2.超参数选择与模型构建 (2. Hyper-parameter selection and Model building)

Now that we are done creating our batches, now let’s build a simple Auto-Encoder type model for training. In simple words, it’s a neural network that compresses the higher dimension into a lower dimension and later decompresses it to a higher dimension.

现在我们已经完成了批次的创建,现在让我们构建一个简单的自动编码器类型模型进行训练。 简而言之,它是一个神经网络,它将较高的维度压缩为较低的维度,然后将其解压缩为较高的维度。

So it is understood that the lower dimension captures the important features of the input, which in our case is our word embedding of the target word.
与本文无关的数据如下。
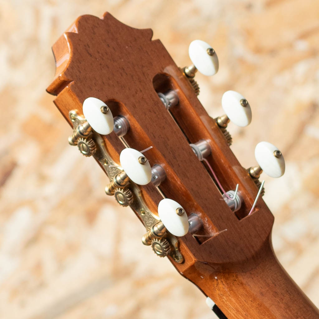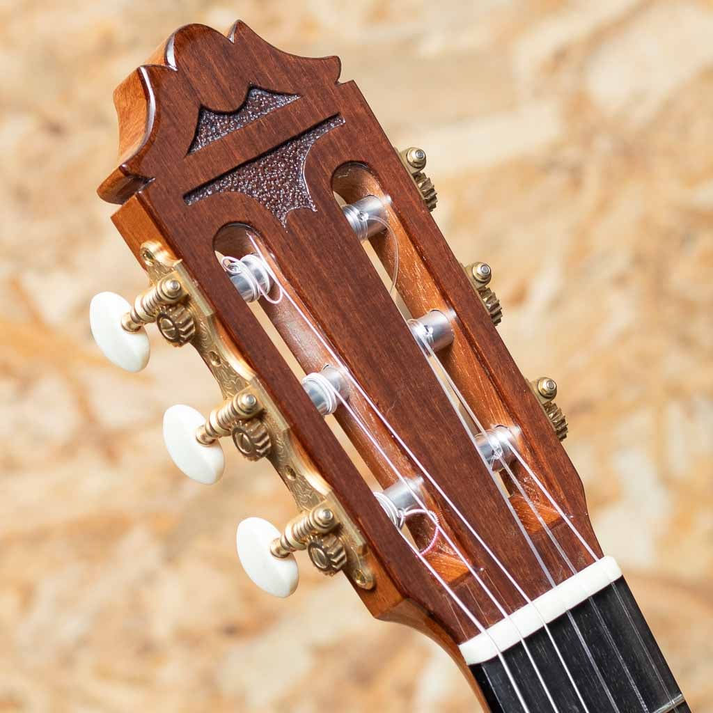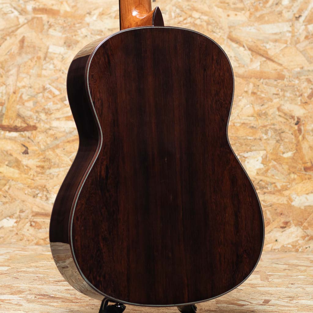 YAMAHAのギター研究課に所属していた江崎氏。 修行のため、3年間スペインへ渡りEduardo Ferrer (エドアルド・フェレール)と Manuel Hernandes (マヌエル・エルナンデス)に師事。グラナダと、マドリッドの 両派で製作技術を身に付けた製作家です。 1970年代当時、YAMAHAの最高級モデルだったGC-30Bも江崎氏によって 手がけられ、ギター愛好家だけでなくNarciso Yepes (ナルシソ・イエペス)やOscar Ghiglia (オスカー・ギリア)等といった名手達からも高い評価を得ており、 師であるHernandes y Aguado (ヘルナンデス・イ・アグアド)直系の名器として “江崎サウンド“を確立。広く知られる製作家となりました。YAMAHA退職後は 自身のラベルで製作活動を展開。大手ギターメーカーでの輝かしい実績と、 40年以上もの長いキャリアを持つ日本の名工の1人です。本器は、単板スプルーストップ・単板マダガスカルローズウッドサイド&バックを用いたモデル、No.55。トップはセラック塗装(サイド&バックはラッカー塗装)で、塗装の質の良さも素晴らしく、材の良さ、そして木工技術の高さが掛け合わされ、下位モデルのNo35とは別格のサウンド。低域の重厚な響き、高域の煌びやかで甘いトーンはまさにこだわりのエザキ・サウンド。

因此可以理解,较低维度捕获了输入的重要特征,在我们的案例中,这是我们目标词的词嵌入

Auto-Encoder Design 自动编码器设计

Here from the design above, I have modified our neural network function to provide the output of the final layer (30D) and as well as the output of the middle layer (2D) [Our Word Embedding].

在这里,根据上面的设计,我修改了神经网络功能以提供最后一层(30D)的输出以及中间层(2D)的输出[我们的词嵌入]。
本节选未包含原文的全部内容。